GLP-1 receptor agonists vs SGLT2 inhibitors: HR 1.27 (95% CI 1.07–1.50).
No evidence of BMI-based effect modification (p=0.83 and p=0.73 for interaction).

Methodological Strengths

Active-comparator, new-user design with very large 1:1 propensity score–matched cohorts.
Consistent results across BMI strata and across two independent comparator cohorts.

Limitations

Observational claims data subject to residual confounding and potential misclassification.
Absolute risks and follow-up durations are not detailed in the abstract.

Future Directions: Head-to-head pragmatic trials or high-quality emulations assessing absolute risks, duration-response, and mechanisms of biliary effects with incretin therapies.

3. Visit-to-Visit Variability in Lipid Levels and Risk of Incident Heart Failure in Adults With Type 2 Diabetes.

76Level IICohortDiabetes care · 2025PMID: 40227864

In ACCORD (n=9,443), higher visit-to-visit variability in TC, LDL-C, HDL-C, and TG independently predicted incident heart failure over 5 years, with adjusted HRs ranging 1.49–1.76 for highest vs lowest variability quartiles. Associations were consistent across variability metrics.

Impact: Highlights lipid variability as a modifiable risk dimension beyond mean levels for HF prevention in T2D, potentially informing targets for medication adherence and therapeutic smoothing.

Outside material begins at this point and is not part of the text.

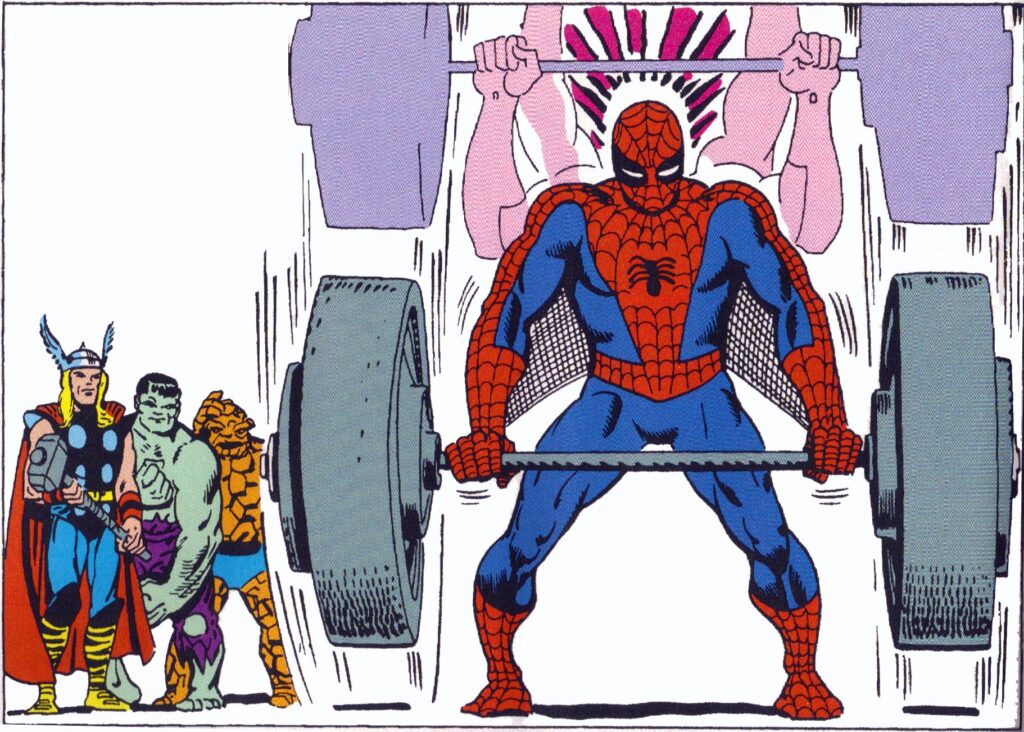 We know that Tombstone has tough skin (as hard as diamonds is what he says at one point) and he is able to withstand quite a bit of punishment. It takes Spider-Man wailing on him to put him down – which is does right in front of the subway train. Tombstone lost right there. If the train doesn’t come, Spider-Man webs the dude up and the comic is over before the crucial moment comes for Tombstone to step away from the abyss. We also know that Tombstone can lift 6 tons. To put it in perspective, these are the characters that he is stronger than:

Clinical Implications: Prioritize strategies that stabilize lipid levels (e.g., adherence optimization, long-acting statins/ezetimibe/PCSK9i), monitor variability in addition to means, and integrate HF risk stratification in T2D with lipid variability metrics.

Key Findings

Across 9,443 T2D participants, 345 incident HF events occurred over 5.0 years.
Highest quartile of lipid variability associated with higher HF risk: TC CV aHR 1.68; LDL-C CV aHR 1.76; HDL-C CV aHR 1.53; TG CV aHR 1.49.
Findings were consistent using multiple variability metrics (CV, SD, variability independent of the mean).

Methodological Strengths

Prospective repeated lipid measures at six time points enabling robust variability assessment.
Adjusted Cox models in a large, well-characterized ACCORD cohort.

Limitations

Observational analysis within a trial cohort; causality cannot be established.
Generalizability may be limited to ACCORD-like populations.

Future Directions: Interventions targeting lipid variability (e.g., adherence programs, pharmacologic smoothing) should be tested for HF prevention in T2D.